Fused TQ4 K+V attention via cache side-channel.

Reads compressed K/V from the CompressedDynamicCache stashed on module._tq4_cache (ignoring the decompressed key/value args). Falls back to vanilla Triton FA if no cache reference is found.

Parameters:

Name	Type	Description	Default
`module`	`Module`	Attention layer with `layer_idx` and `_tq4_cache` attrs.	required
`query`	`Tensor`	`[batch, H_Q, seq_q, head_dim]` (RoPE already applied).	required
`key`	`Tensor`	`[batch, H_KV, seq_kv, head_dim]` — ignored when fused.	required
`value`	`Tensor`	`[batch, H_KV, seq_kv, head_dim]` — ignored when fused.	required
`attention_mask`	`Optional[Tensor]`	Optional additive mask.	required
`dropout`	`float`	Must be 0 (inference only).	`0.0`
`scaling`	`Optional[float]`	Softmax scale.	`None`

Other Parameters:

Name	Type	Description
`is_causal`	`bool \| None`	Override causal mode.
`**kwargs`	`object`	Additional model-specific arguments (ignored).

Returns:

Type	Description
`tuple[Tensor, None]`	`(output, None)` with output `[batch, seq_q, H_Q, head_dim]`.

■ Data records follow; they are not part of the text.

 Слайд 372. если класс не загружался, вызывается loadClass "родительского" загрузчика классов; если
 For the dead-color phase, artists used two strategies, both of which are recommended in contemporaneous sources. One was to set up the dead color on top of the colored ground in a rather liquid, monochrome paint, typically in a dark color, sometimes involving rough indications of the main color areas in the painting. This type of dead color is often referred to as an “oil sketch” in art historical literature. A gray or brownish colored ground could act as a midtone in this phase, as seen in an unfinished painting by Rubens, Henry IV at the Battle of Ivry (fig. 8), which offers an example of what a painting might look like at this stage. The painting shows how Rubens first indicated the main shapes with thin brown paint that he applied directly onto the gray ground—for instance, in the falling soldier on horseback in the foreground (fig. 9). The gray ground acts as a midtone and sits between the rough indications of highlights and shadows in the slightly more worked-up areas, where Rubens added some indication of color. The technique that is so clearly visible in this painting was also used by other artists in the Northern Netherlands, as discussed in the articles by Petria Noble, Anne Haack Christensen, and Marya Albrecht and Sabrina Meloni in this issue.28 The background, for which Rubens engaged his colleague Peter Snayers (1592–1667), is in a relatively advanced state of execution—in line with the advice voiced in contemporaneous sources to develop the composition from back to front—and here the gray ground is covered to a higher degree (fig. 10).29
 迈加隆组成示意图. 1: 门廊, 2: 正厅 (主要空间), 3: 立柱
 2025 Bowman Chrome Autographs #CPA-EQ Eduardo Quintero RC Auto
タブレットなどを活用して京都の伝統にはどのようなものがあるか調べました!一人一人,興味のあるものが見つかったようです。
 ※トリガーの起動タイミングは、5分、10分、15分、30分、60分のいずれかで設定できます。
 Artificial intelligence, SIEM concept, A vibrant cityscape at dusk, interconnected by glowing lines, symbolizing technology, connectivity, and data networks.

Source code in src/turboquant_vllm/triton/attention_interface.py

def triton_fa_tq4_kv_forward(
    module: torch.nn.Module,
    query: torch.Tensor,
    key: torch.Tensor,
    value: torch.Tensor,
    attention_mask: Optional[torch.Tensor],
    dropout: float = 0.0,
    scaling: Optional[float] = None,
    **kwargs: object,
) -> tuple[torch.Tensor, None]:
    """Fused TQ4 K+V attention via cache side-channel.

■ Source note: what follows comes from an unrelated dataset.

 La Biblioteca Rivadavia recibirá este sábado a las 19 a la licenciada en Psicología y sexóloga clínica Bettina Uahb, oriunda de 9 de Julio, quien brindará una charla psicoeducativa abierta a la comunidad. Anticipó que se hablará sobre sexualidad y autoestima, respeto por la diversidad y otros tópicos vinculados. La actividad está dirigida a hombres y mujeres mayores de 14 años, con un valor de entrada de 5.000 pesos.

    Reads compressed K/V from the ``CompressedDynamicCache`` stashed on
    ``module._tq4_cache`` (ignoring the decompressed *key*/*value* args).
    Falls back to vanilla Triton FA if no cache reference is found.

    Args:
        module: Attention layer with ``layer_idx`` and ``_tq4_cache`` attrs.
        query: ``[batch, H_Q, seq_q, head_dim]`` (RoPE already applied).
        key: ``[batch, H_KV, seq_kv, head_dim]`` — ignored when fused.
        value: ``[batch, H_KV, seq_kv, head_dim]`` — ignored when fused.
        attention_mask: Optional additive mask.
        dropout: Must be 0 (inference only).
        scaling: Softmax scale.

    Other Parameters:
        is_causal (bool | None): Override causal mode.
        **kwargs: Additional model-specific arguments (ignored).

    Returns:
        ``(output, None)`` with output ``[batch, seq_q, H_Q, head_dim]``.
    """
    cache: CompressedDynamicCache | None = getattr(module, "_tq4_cache", None)
    layer_idx: int | None = getattr(module, "layer_idx", None)

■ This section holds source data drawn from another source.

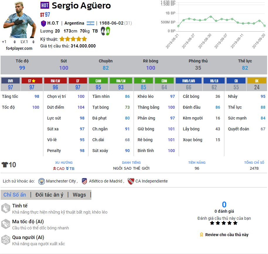 Chỉ số của Aguero | Nguồn : FO4PLAYER.COMS.Aguero - Đánh giá trong game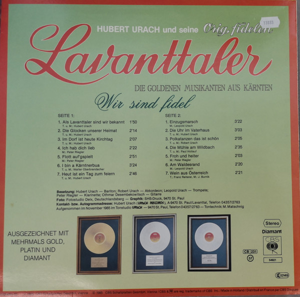 Vinyl / Hubert Urach Und Seine Orig. Fidelen Lavanttaler* - Wir Sind Fidel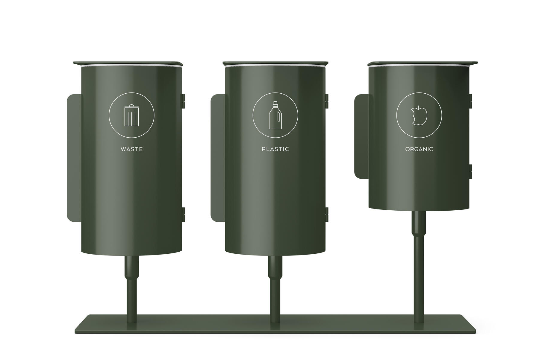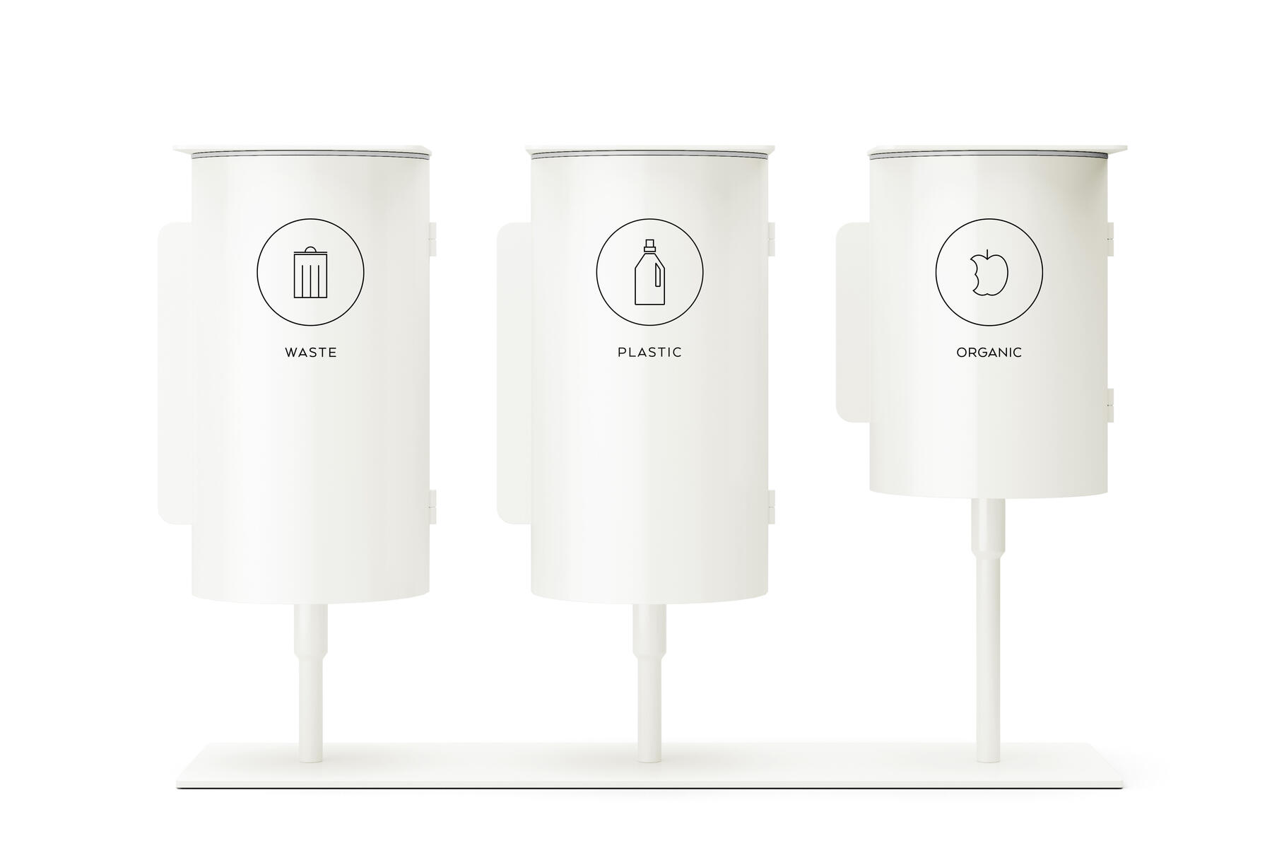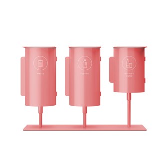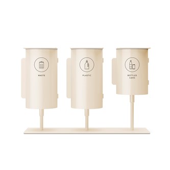 Mobilt affaldssortering med kabinet i laminat. Fem hjul hvoraf to er låsbare (foran). Soft close med magnet i hver dør. Udtræk til affaldsposer og gummimåtte medfølger. Vælg farven på dørene. Metaldør (3 mm tykkelse). Symboler waste, plastic og bottles/ cans. Egnede affaldssække 85-125 liter.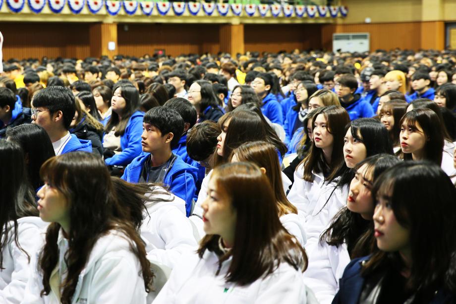 사진 2. 1. 26일 오후 논산 창의융합캠퍼스에서 열린 건양대 2018학도 입학식에 참가한 신입생들이 밝은 모습으로 단상을 바라보는 모습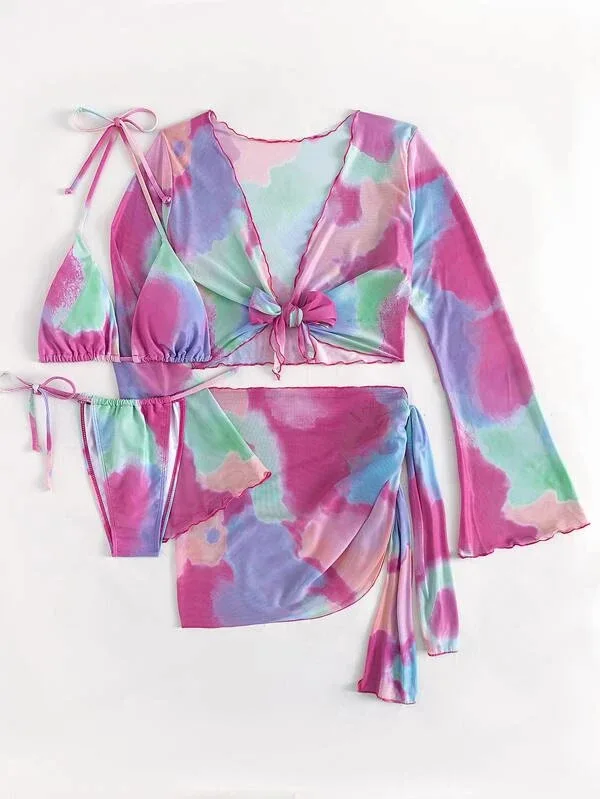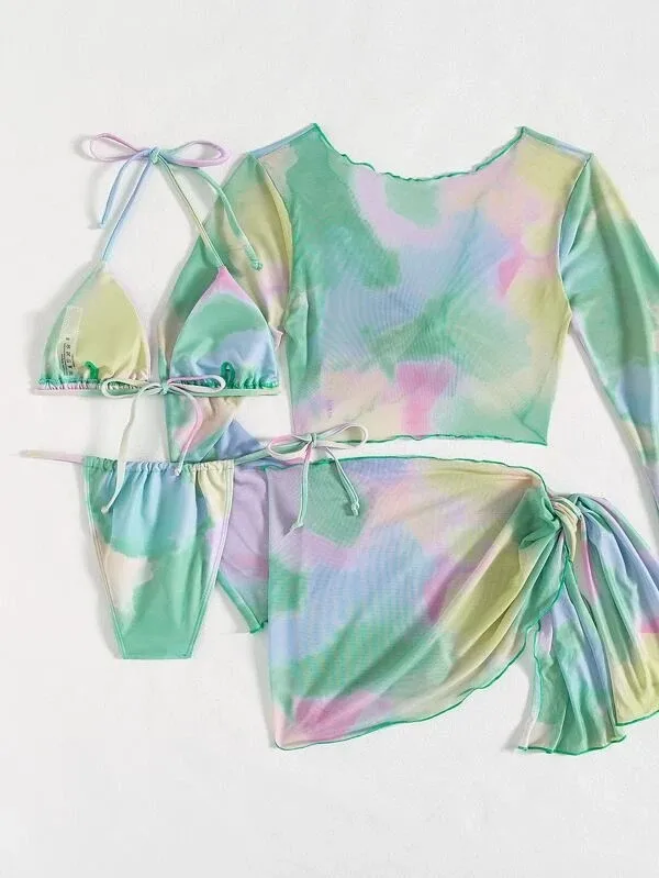 2023 New Design Sexy Print Mini Micro 4 Piece Bikini Set Beachwear With Mesh Skirt and Long Sleeve Cover up Women Thong Swimwear

    # Fallback: no cache stash → use vanilla Triton FA with decompressed K/V
    if cache is None or layer_idx is None:
        return triton_fa_forward(
            module, query, key, value, attention_mask, dropout, scaling, **kwargs
        )

    # Read compressed K/V from cache side-channel
    k_packed, k_norms, v_packed, v_norms = cache.get_compressed(layer_idx)
    rotation = cache.rotation.to(device=query.device)
    centroids = cache.centroids.to(device=query.device)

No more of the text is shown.